Larinda started to really panic for the first time since opening her eyes; she needed to get out of the room, and fast. How was it possible that a room was breathing?
She wondered how long she had actually been asleep – she still felt exhausted, mentally and physically, and was quickly spiraling into an irreversible panic. Darting around the room frantically, she felt the walls for openings, searched for tools to use as weapons, and tried to keep her cool. Logical thinking was out of the nonexistent window, but she tried her luck.
“How do I get out of here?” She wondered aloud. She recapped what had happened and told the walls everything she knew, “I fell for a very long way, and ended up this room through the ceiling…” Her eyes traveled along the walls to the ceiling as she continued contemplating how everything had happened.
“I fell through the ceiling - the living, breathing ceiling - the ceiling which now has no hole.”

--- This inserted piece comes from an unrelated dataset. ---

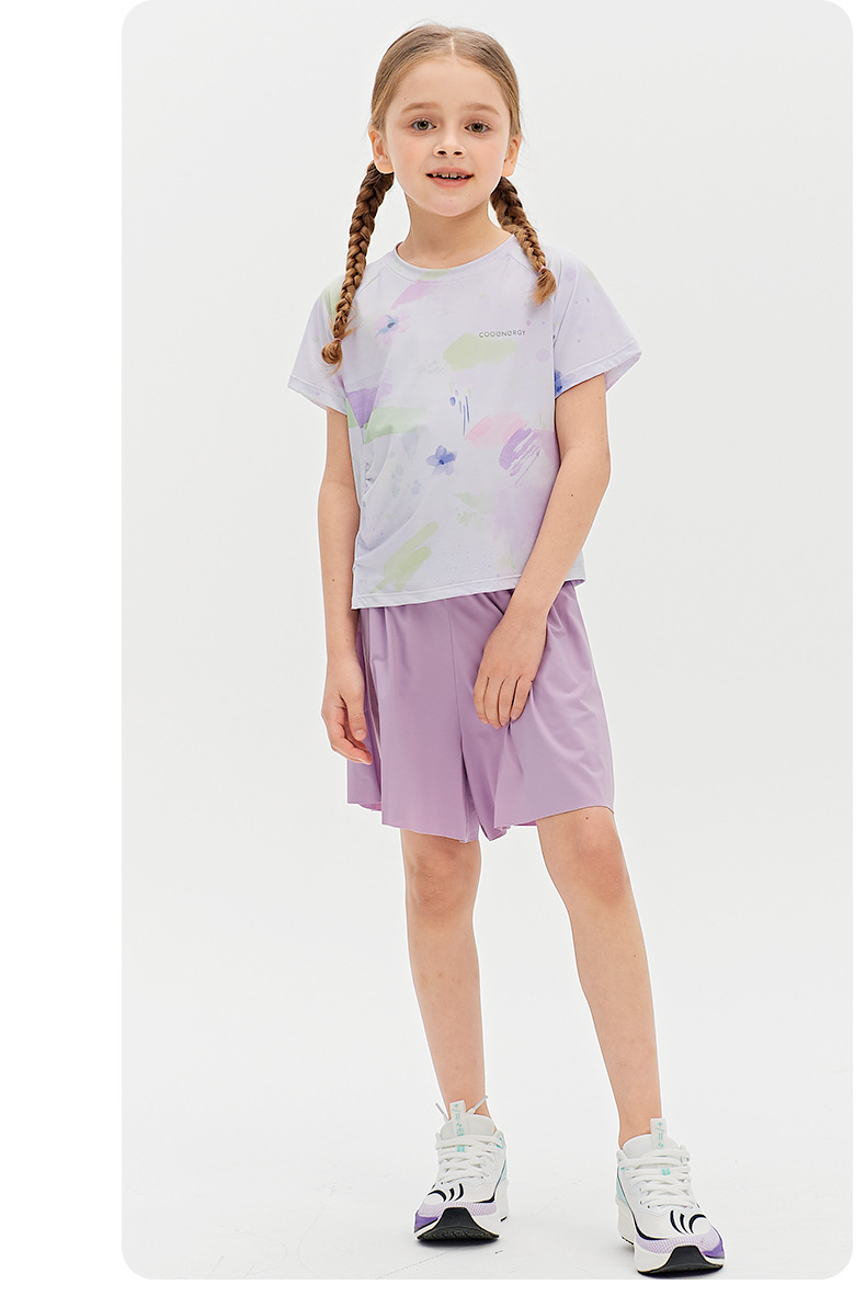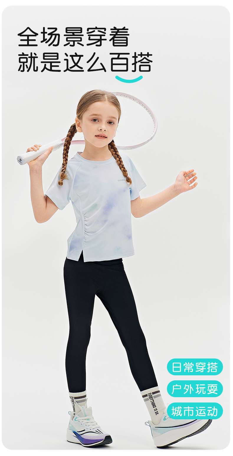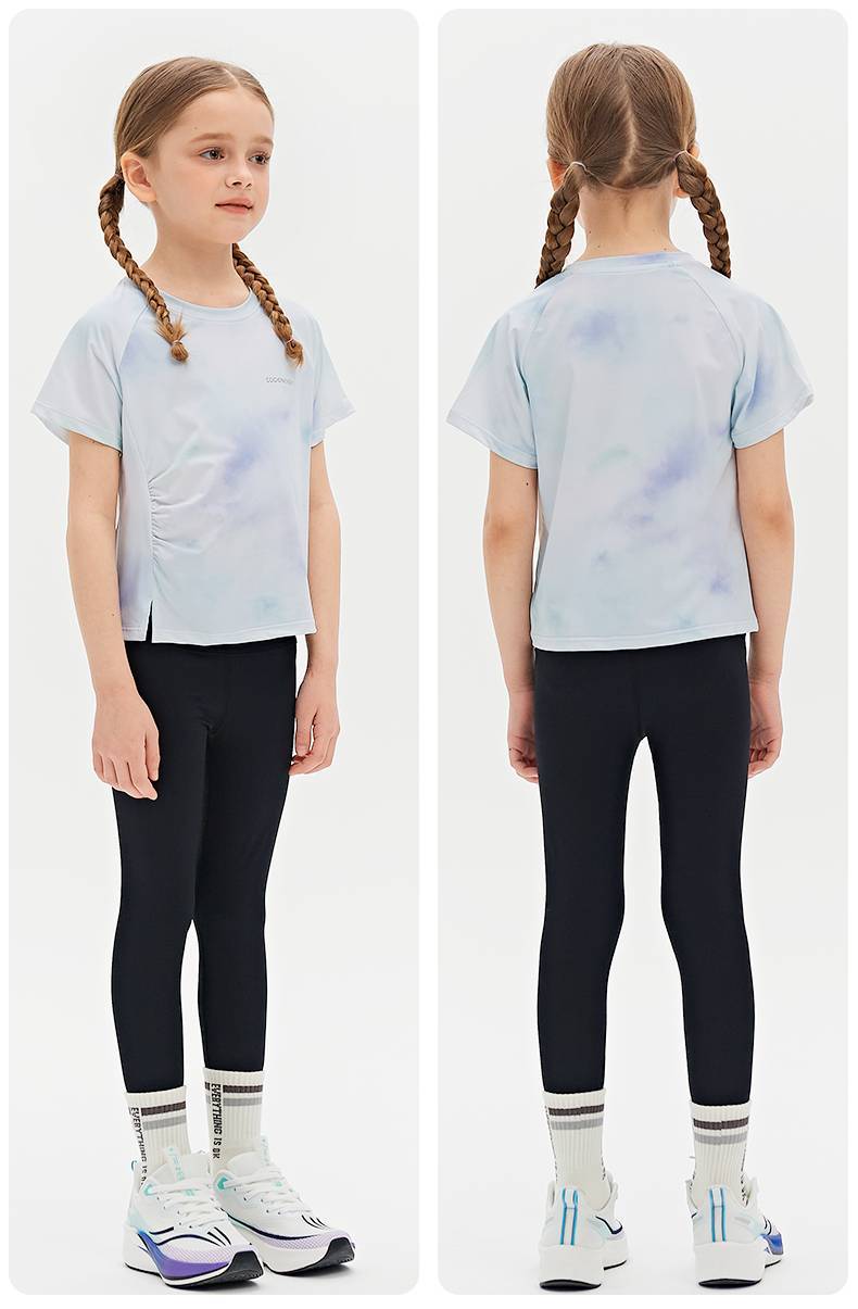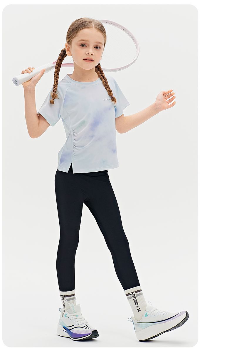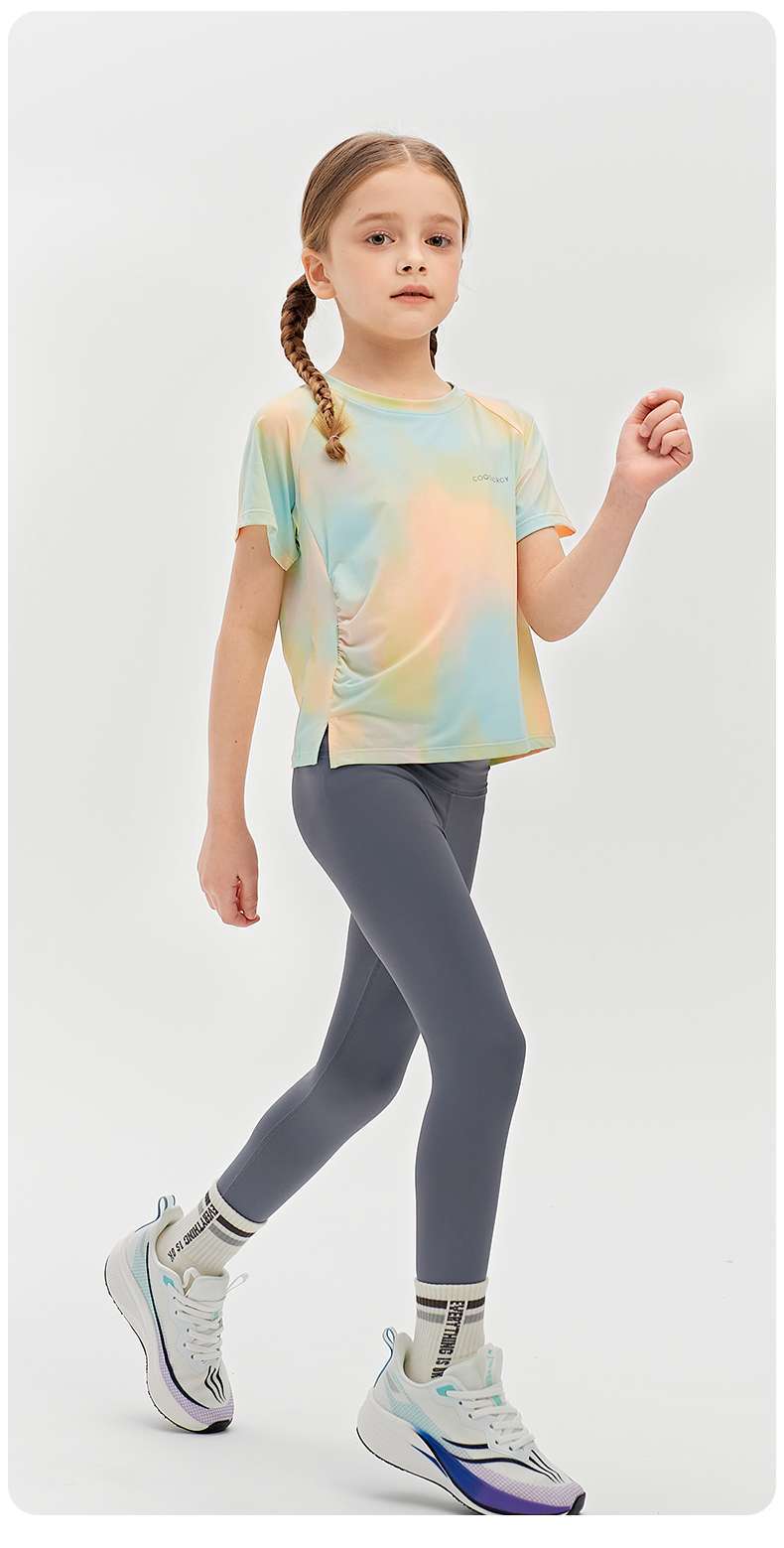 Футболка для девочек, летняя, средняя и большая, детский солнцезащитный топ с принтом «ласточкин хвост», уличный персонализированный спортивный быстросохнущий спортивный топ с короткими рукавами и складками

Larinda once again glanced around the room for something, anything to help her. She found a small stool in the corner of the room and brought it beneath the place she thought she fell through. Standing carefully on the stool and making herself as tall as she could she reached up; her fingertips brushed the ceiling and sprinkled dirt onto her face. The walls still breathed despite losing a handful of dirt, and she thought she might be able to tunnel her way out of this damp room. She scraped more dirt away with her fingertips and realized she would not be able to get out through the ceiling. She could barely reach an inch of her finger on the wall, so there would be no way of digging a hole or even pulling herself up through the hole.
She slumped on the stool feeling weighed down by defeat and wishing she had never left home in the first place. She thought back to earlier, where this whole nightmare started.
Larinda had just stormed out of her parents’ house, slamming the door behind her. She was furious at her parents for being so strict. She had just graduated high school and expected some freedom, but as long as she lived under their roof, she would be following their rules. She took the shortcut to her friend’s house, the path through the woods, but the familiar path that she walked almost every day began to warp before her eyes. The sky was darker than when she left, and the forest floor was soft and green unlike the dry, brown twigs it was usually covered with. She thought nothing of it and continued along hoping to find something familiar to follow again, and that’s when she heard the throaty growl from somewhere off the path. She quickened her pace until she was jogging, and footsteps started following her. The footsteps didn’t sound human; they weren’t a steady beat like hers were, but more of a gallop like an animal. She looked behind her to see a monster similar to a giant, ugly dog. Its fangs were dripping with saliva and its thick fur was matted with twigs, leaves, and what looked like small bones.
She recalled from earlier her fight with her parents, and she realized how stupid and immature it was of her to be that upset. Of course she should follow their rules, she is still a child in their eyes, and she definitely could not handle what was happening to her now. Her throat tightened and tears streamed down her face. “I want to go home!” She cried out to no one.
She felt defeated by this place again, and pulled her sore and exhausted body to the far corner of the room and curled into herself. She cried without tears, and she couldn’t remember the last time she had had anything to drink; she didn’t even know what day it was or how long she had been there. She started drifting again, this time without fighting it. “I’m never getting out of here.”